Sorry, I'll try to give some more meaningful code later, but the idea is this:

allele1         <- unique(dat[,1:3]);
new_vector <- rep(0, length of allele1 rows)  
for i in 1 to row number of allele1
    for j in 1 in row number of original data table
        if(allele1[row, col1] == original data table[row, col1] &
           allele1[row, col2] == original data table[row, col2] &
           allele1[row, col2] == original data table[row, col2]){
           new_vector[i] <- new_vector[i] + 1;
          }
     }
}

If that makes sense?

anna-deasey commented 5 years ago

How 'bout this! @mattnuttall00

library(tidyverse)

matt <- read_csv("matt.csv") %>% as_tibble() # reading in your data - ive changed the names

matt <- matt %>% select(sn, m, a1, a2) # select relevant cols - again, ive changed names

matt %>% group_by(sn, m, a1) %>% summarise(count = n()) %>% filter(count >= 3) # this returns a df with 1 row for each sn/m/a1 that has 3 matching values

sn m a1 count
1   Ma2 139 3   
1   Mar21.  215 3   
1   Mar64.  183 3   
2   Ggu234  73  3   
2   Ma2 133 3   
2   Mar64.  183 3   

then youd have to do the same again with Allele_2, then join_tables or bind_cols

jmcvw commented 5 years ago

Hey Matt,

Here is a different take - no for loop necessary

The only thing I'm not sure about is why the third line of your desired result chose the row where Allete_2 was NA rather than 148. If the NA is not important, try the first example, otherwise try the other one.

library(dplyr)

df %>% 
    select(Sample_Name, Marker, Allele_1, Allele_2) %>%
    group_by(Sample_Name, Marker) %>%
    filter(length(unique(Allele_1)) == 1) %>% 
    slice(1)

If the NA is prefered, replace the filter line above with the code below.
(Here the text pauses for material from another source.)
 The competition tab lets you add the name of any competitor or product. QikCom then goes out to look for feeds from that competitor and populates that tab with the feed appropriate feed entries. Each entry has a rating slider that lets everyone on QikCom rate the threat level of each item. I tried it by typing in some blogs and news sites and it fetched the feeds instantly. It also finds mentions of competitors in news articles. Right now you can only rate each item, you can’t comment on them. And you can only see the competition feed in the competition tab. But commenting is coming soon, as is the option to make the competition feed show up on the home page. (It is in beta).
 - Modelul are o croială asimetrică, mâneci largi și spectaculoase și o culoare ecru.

This example counts unique, non-NA's, sorts them to the top of the group then selects them. The sorting means the NA will be chosen no matter where it occurs in the subset (I reckon there's probably a cleaner method than this, but I can't see it at the moment).

    filter(length(unique(Allele_1)) == 1,
           sum(!is.na(unique(Allele_2))) == 1) %>%
    arrange(!is.na(Allele_2)) %>% 

Another option would be to not report the NA rows at all using the filter...
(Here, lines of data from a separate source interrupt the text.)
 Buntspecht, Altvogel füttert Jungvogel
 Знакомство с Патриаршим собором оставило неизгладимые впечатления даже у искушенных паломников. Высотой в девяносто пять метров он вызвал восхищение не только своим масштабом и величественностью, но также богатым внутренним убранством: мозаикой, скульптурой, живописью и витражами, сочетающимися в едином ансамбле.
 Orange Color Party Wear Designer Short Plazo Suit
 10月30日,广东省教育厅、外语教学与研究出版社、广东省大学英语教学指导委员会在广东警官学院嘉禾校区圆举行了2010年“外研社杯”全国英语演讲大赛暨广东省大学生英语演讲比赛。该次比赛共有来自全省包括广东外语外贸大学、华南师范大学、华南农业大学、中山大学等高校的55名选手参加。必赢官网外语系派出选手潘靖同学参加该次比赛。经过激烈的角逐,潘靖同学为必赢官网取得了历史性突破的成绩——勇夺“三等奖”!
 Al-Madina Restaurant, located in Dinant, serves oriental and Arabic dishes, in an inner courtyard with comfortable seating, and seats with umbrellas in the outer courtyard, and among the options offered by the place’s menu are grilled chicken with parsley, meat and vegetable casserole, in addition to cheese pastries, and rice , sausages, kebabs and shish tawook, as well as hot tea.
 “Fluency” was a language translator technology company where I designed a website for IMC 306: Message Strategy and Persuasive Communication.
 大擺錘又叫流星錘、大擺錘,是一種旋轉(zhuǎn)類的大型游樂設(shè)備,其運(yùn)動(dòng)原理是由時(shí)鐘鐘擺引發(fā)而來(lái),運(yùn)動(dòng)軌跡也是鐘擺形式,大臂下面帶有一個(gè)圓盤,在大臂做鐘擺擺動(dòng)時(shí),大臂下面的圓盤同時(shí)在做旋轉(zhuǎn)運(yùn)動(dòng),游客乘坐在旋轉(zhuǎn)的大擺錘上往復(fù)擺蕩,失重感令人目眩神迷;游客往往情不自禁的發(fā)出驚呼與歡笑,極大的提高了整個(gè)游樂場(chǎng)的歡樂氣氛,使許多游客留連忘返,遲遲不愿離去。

    filter(length(unique(Allele_1)) == 1, 
        length(unique(Allele_2)) == 1) %>%
mattnuttall00 commented 5 years ago

@bradduthie @anna-deasey @jmcvw Amazing - thanks so much to you all for a range of options! I will have a crack at all of them and see which is most appropriate. All approaches much appreciated!

@jmcvw the reason I would want the NA to be selected rather than 148 is because there are only two values of 148, therefore that allele doesn't fit the rule that to be selected there must be 3 matching values. And the structure of that output table was me assuming that entire rows would need to be selected, and because Allele_1 did meet the rule, there would need to be something under Allele_2 (and it couldn't be 148). Hope that makes sense!

Thanks again all :)